▸ **DATA FOR THE TASK**
==============================

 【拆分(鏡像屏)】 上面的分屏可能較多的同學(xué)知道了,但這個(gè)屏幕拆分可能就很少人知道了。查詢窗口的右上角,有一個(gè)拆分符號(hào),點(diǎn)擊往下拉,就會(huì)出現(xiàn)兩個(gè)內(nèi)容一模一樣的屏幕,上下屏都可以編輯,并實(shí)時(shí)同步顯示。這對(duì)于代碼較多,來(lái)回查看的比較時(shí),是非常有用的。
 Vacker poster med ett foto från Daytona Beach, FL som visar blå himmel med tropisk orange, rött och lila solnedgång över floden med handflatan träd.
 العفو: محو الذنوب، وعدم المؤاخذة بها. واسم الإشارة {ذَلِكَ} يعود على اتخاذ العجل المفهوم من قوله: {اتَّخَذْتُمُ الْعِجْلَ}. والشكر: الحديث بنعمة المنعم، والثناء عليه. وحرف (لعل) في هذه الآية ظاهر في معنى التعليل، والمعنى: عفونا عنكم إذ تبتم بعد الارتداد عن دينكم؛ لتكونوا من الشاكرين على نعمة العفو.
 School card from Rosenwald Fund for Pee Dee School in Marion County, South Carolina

==============================

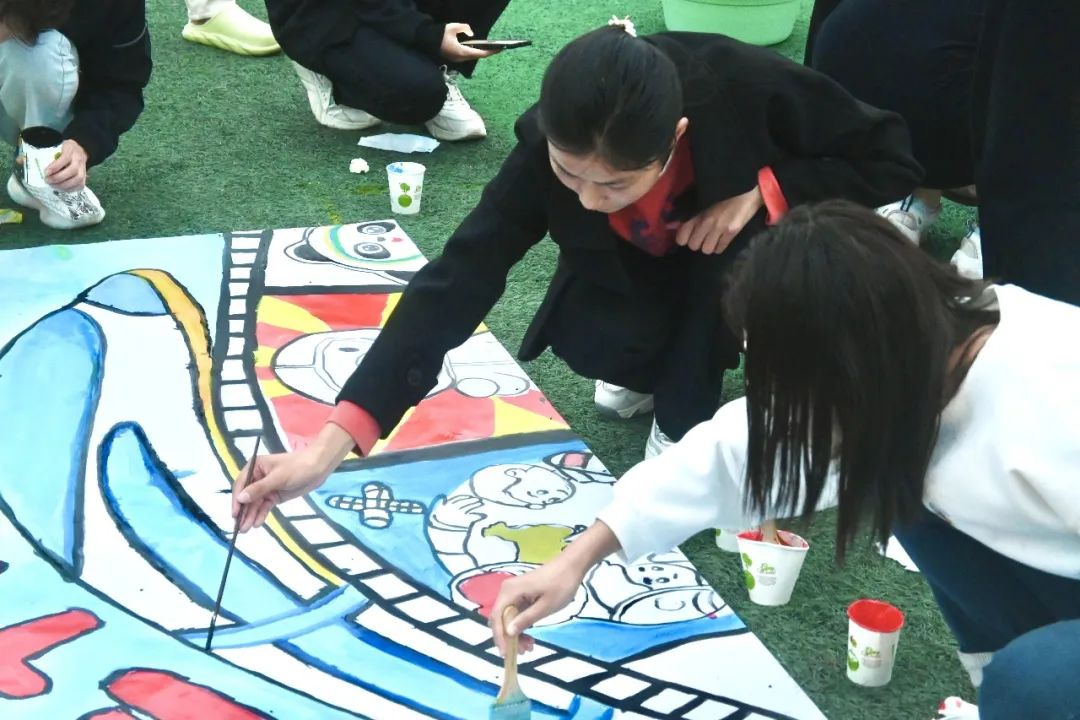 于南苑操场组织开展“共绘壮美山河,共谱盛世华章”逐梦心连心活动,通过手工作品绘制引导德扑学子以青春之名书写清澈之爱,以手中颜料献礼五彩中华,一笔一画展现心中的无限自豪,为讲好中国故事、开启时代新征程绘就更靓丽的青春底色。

==============================

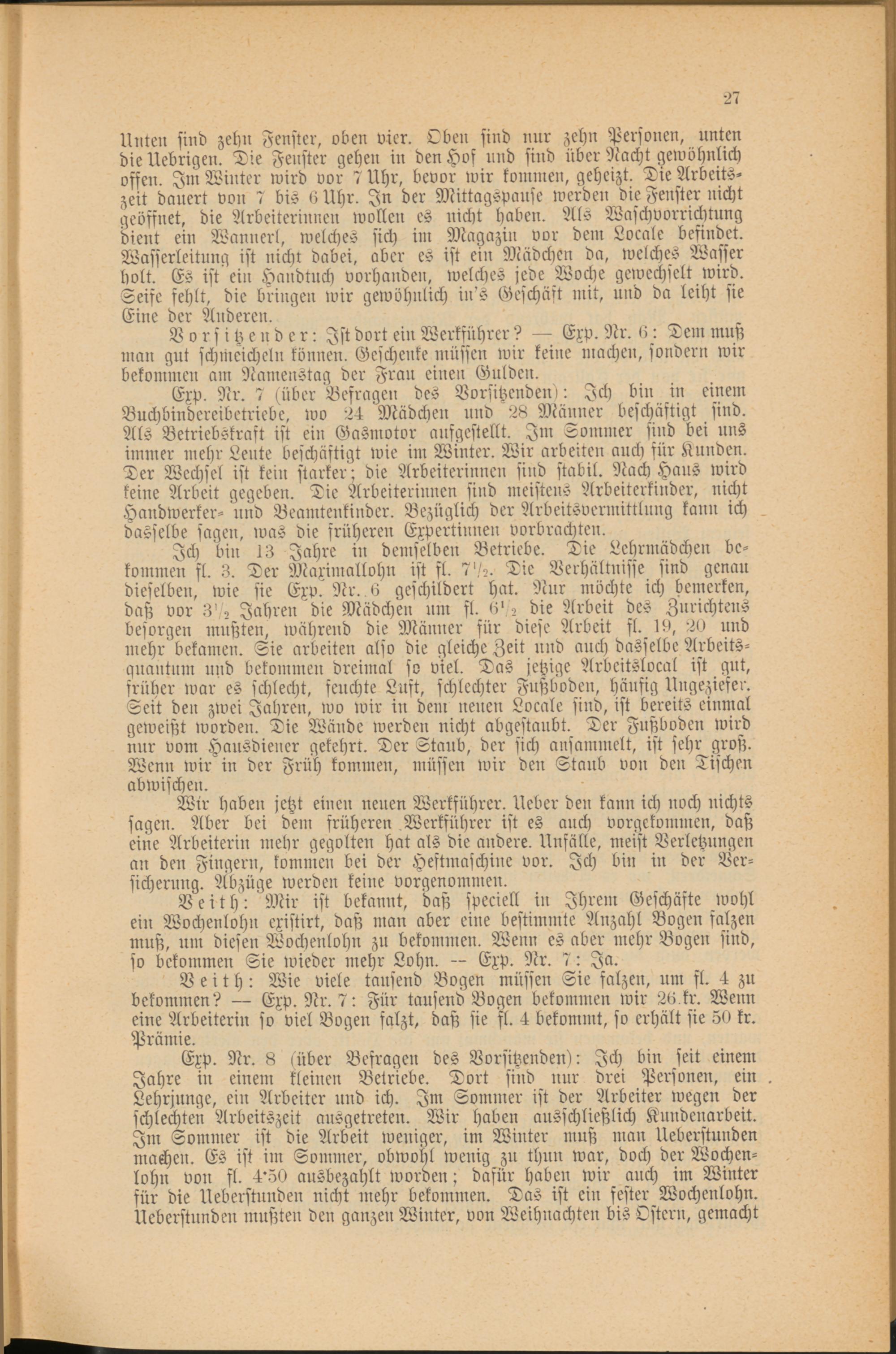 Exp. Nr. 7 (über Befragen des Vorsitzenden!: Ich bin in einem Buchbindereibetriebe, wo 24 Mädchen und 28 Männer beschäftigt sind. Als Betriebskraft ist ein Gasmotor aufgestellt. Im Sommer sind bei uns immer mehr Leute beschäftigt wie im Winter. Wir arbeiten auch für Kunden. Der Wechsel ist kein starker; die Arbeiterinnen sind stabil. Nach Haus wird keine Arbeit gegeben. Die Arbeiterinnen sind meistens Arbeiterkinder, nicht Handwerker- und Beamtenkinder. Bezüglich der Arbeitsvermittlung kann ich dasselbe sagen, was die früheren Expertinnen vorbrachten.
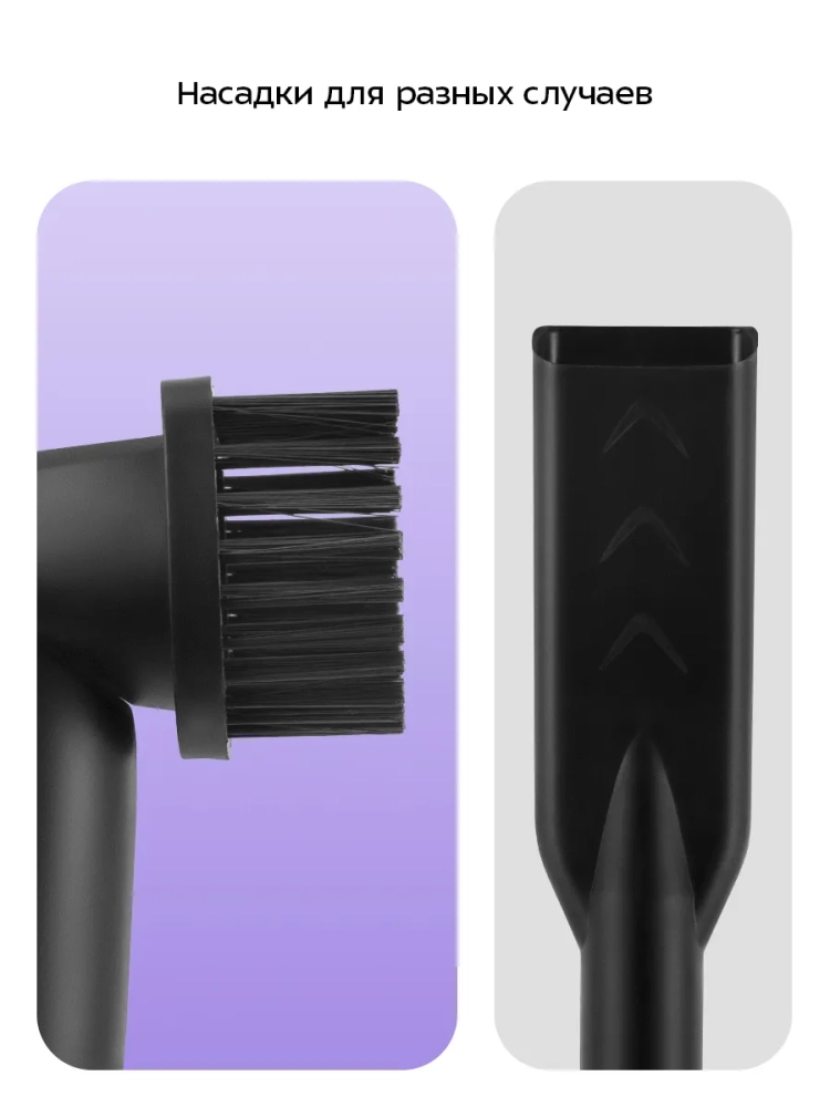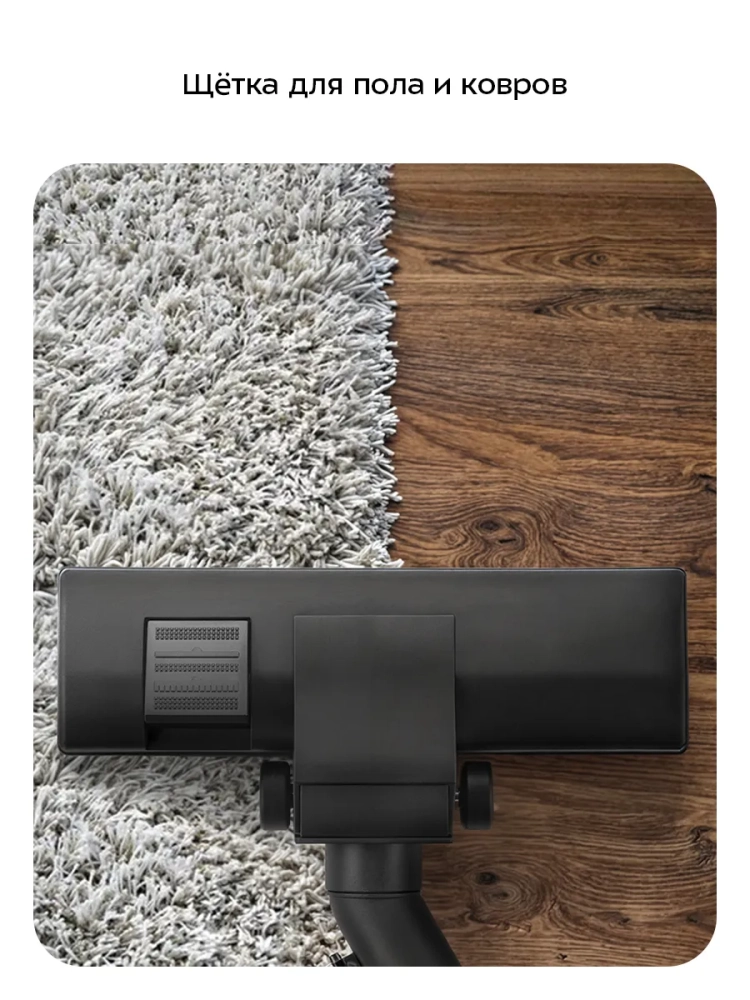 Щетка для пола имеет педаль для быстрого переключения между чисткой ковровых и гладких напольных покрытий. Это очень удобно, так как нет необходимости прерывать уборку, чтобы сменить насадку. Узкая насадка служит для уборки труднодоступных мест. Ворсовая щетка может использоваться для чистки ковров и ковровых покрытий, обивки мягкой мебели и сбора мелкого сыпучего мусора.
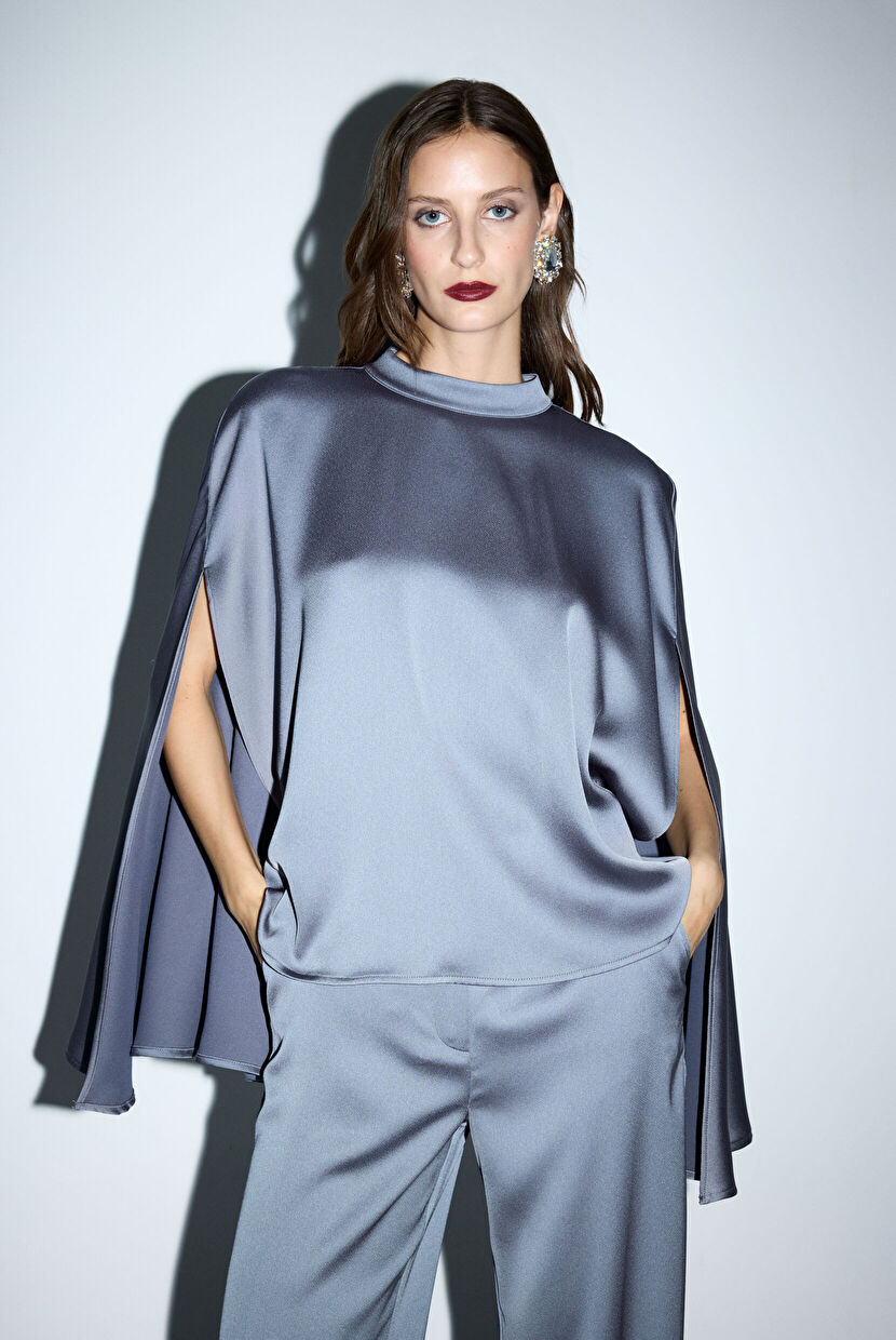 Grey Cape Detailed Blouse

==============================

▸ **TASK BRIEF**
Copy word for word the lines of the records above from the one with "Exp. Nr. 7 (über" up to and including the one with "Grey Cape Detailed Blouse". Skip the pictures.

▸ **SOLUTION BELOW**
 Exp. Nr. 7 (über Befragen des Vorsitzenden!: Ich bin in einem Buchbindereibetriebe, wo 24 Mädchen und 28 Männer beschäftigt sind. Als Betriebskraft ist ein Gasmotor aufgestellt. Im Sommer sind bei uns immer mehr Leute beschäftigt wie im Winter. Wir arbeiten auch für Kunden. Der Wechsel ist kein starker; die Arbeiterinnen sind stabil. Nach Haus wird keine Arbeit gegeben. Die Arbeiterinnen sind meistens Arbeiterkinder, nicht Handwerker- und Beamtenkinder. Bezüglich der Arbeitsvermittlung kann ich dasselbe sagen, was die früheren Expertinnen vorbrachten.
 Щетка для пола имеет педаль для быстрого переключения между чисткой ковровых и гладких напольных покрытий. Это очень удобно, так как нет необходимости прерывать уборку, чтобы сменить насадку. Узкая насадка служит для уборки труднодоступных мест. Ворсовая щетка может использоваться для чистки ковров и ковровых покрытий, обивки мягкой мебели и сбора мелкого сыпучего мусора.
 Grey Cape Detailed Blouse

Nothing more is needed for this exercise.